During the 2016 season, Blessing scored six goals in his first eight games. After his hat-trick on the final day of the season against Bechem United, Blessing would go on to finish the season as the top scorer in the league with 17 goals. His performance during the season was recognized in December 2016 when Blessing won the best player of the league award by the Ghana Football Association.

Major League Soccer
In January 2017, Blessing signed with Sporting Kansas City of Major League Soccer. He made his MLS debut on 11 March 2017 against FC Dallas. On 24 March 2017, Blessing was loaned to Swope Park Rangers, scoring in their match against OKC Energy FC. Blessing's first MLS goals came in a brace on 13 May 2017 in a 2–2 draw in Orlando versus Orlando City. On 20 September 2017, Blessing scored in the 2017 U.S. Open Cup Final, as Sporting Kansas City won the 2017 U.S. Open Cup.

In December 2017, Blessing was selected by Los Angeles FC with the second selection of the 2017 MLS Expansion Draft. He made his debut for the club as a starter in their first MLS match, a 1–0 victory at Seattle Sounders.

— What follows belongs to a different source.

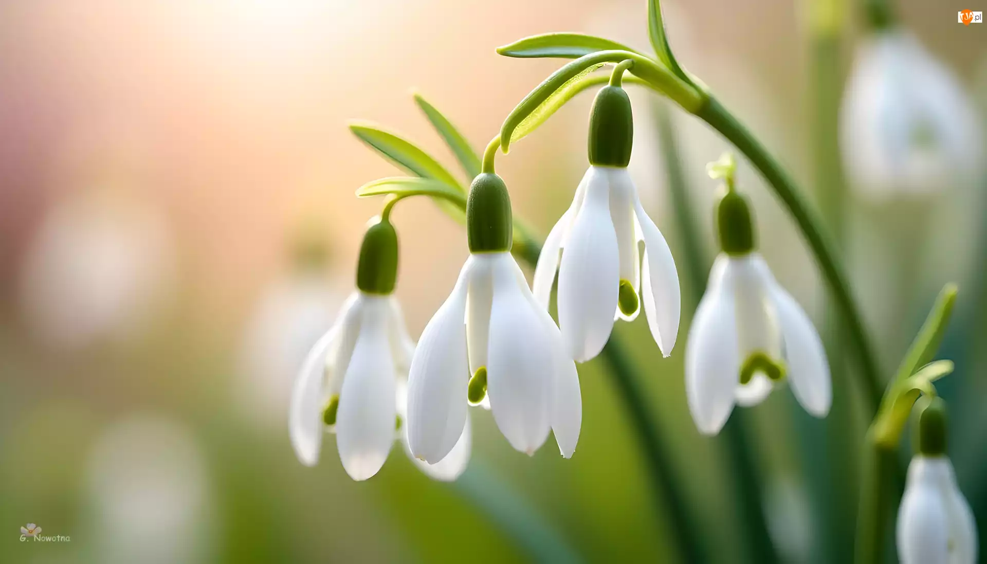 Pochylone, Grafika, Białe, Przebiśniegi, Kwiaty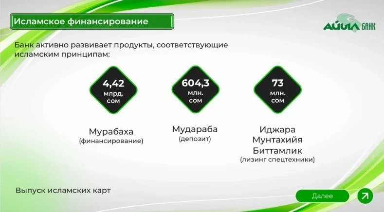 The head of the bank reminded that in 2022, “Aiyl Bank” received a license for Islamic financing from the National Bank of the Kyrgyz Republic. Currently, three products are offered:

On January 3, 2023, Blessing was acquired by New England Revolution in exchange for $400,000 in GAM for Los Angeles FC.

International
Blessing was included in the provisional squad for Ghana before the 2017 Africa Cup of Nations but failed to make the final cut.

Personal
Blessing holds a U.S. green card which qualifies him as a domestic player for MLS roster purposes.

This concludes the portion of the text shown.